On Tue, Mar 22, 2011 at 00:59, David MacIver wrote:

...

It's for rank aggregation - taking a bunch of partial rankings of some items from users and turning them into an overall ranking (aka "That thing that Hammer Principle does").

Two questions immediately begs themselves:

* Can we go parallel? :P

Maybe. A lot of this is inherently sequential. Some bits are parallelisable, but my initial attempts at exploiting that made very little performance difference. I'd rather exhaust what I can from single-core performance first.

...

* What does +RTS -s -RTS say? Specifically, what is the current productivity?

./rank +RTS -s 3,466,696,368 bytes allocated in the heap 212,888,240 bytes copied during GC 51,949,568 bytes maximum residency (10 sample(s)) 5,477,016 bytes maximum slop 105 MB total memory in use (0 MB lost due to fragmentation)

Generation 0: 6546 collections, 0 parallel, 0.93s, 0.93s elapsed Generation 1: 10 collections, 0 parallel, 0.32s, 0.32s elapsed

INIT time 0.00s ( 0.00s elapsed) MUT time 7.11s ( 7.12s elapsed) GC time 1.25s ( 1.25s elapsed) EXIT time 0.00s ( 0.00s elapsed) Total time 8.37s ( 8.37s elapsed)

%GC time 15.0% (15.0% elapsed)

Alloc rate 487,319,292 bytes per MUT second

Productivity 85.0% of total user, 85.0% of total elapsed

So if I'm reading this right, my hypothesis that allocation was most of the cost seems to be wrong?
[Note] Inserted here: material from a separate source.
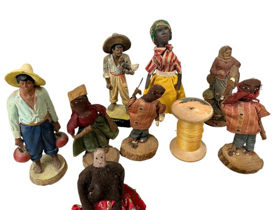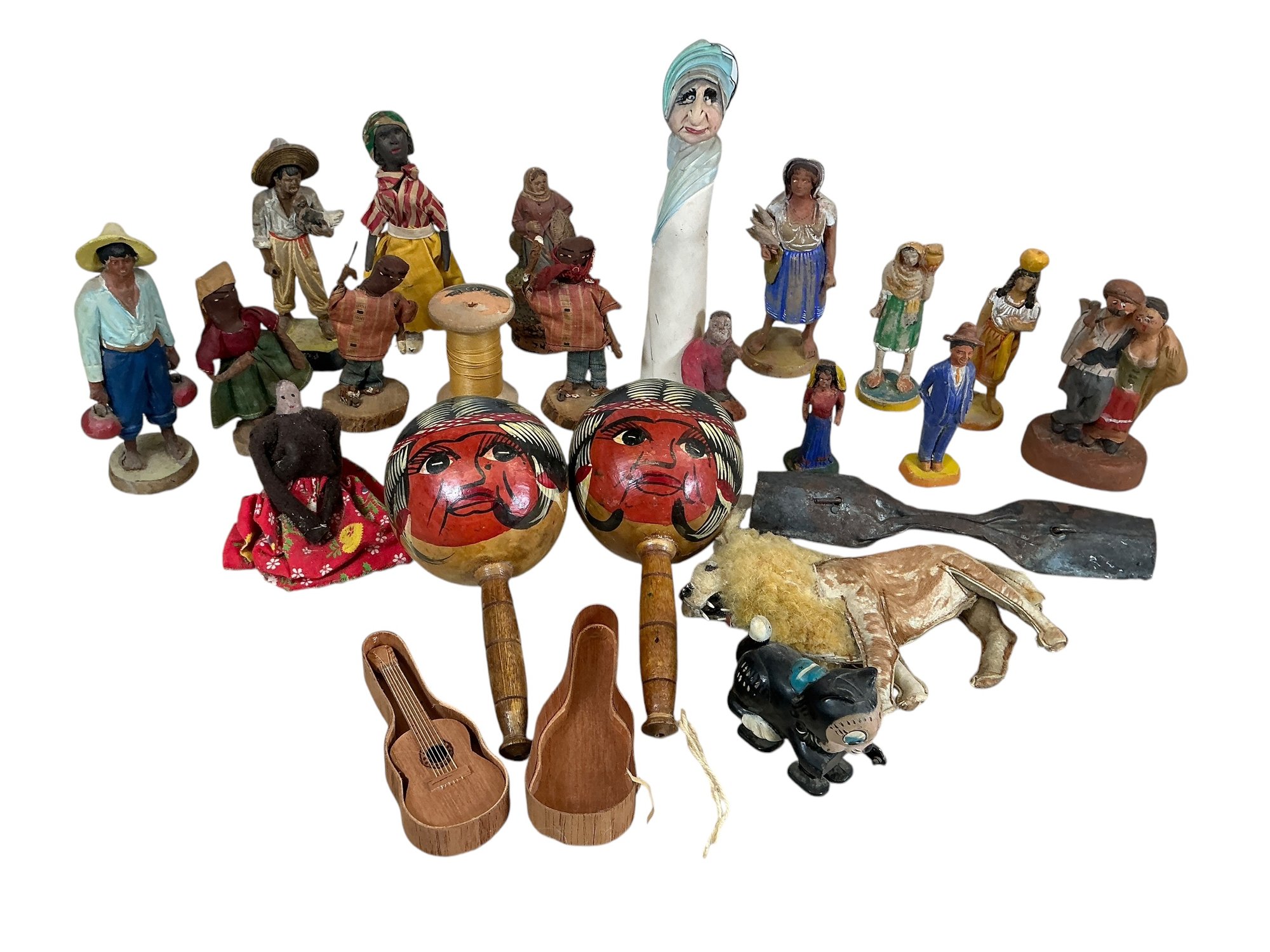 Various Folk Art Bits And Bobs Dolls Figurines Maracas Toys Etc. All in fair to good condition, please see photos. The largest is approx. 9” tall.

I don't know how much of that MUT time is allocation, but I'd expect it to be < GC time.

...

Do we get an improvement with +RTS -A2m -H128m -RTS ? (Force the heap to be somewhat up there from day one, perhaps try -H256m.

This seems to consistently give about a 0.4s improvement, which isn't nothing but isn't a particularly interesting chunck of 8s (actually it's 8.4s -> 8s). Setting it to 256M doesn't make any difference.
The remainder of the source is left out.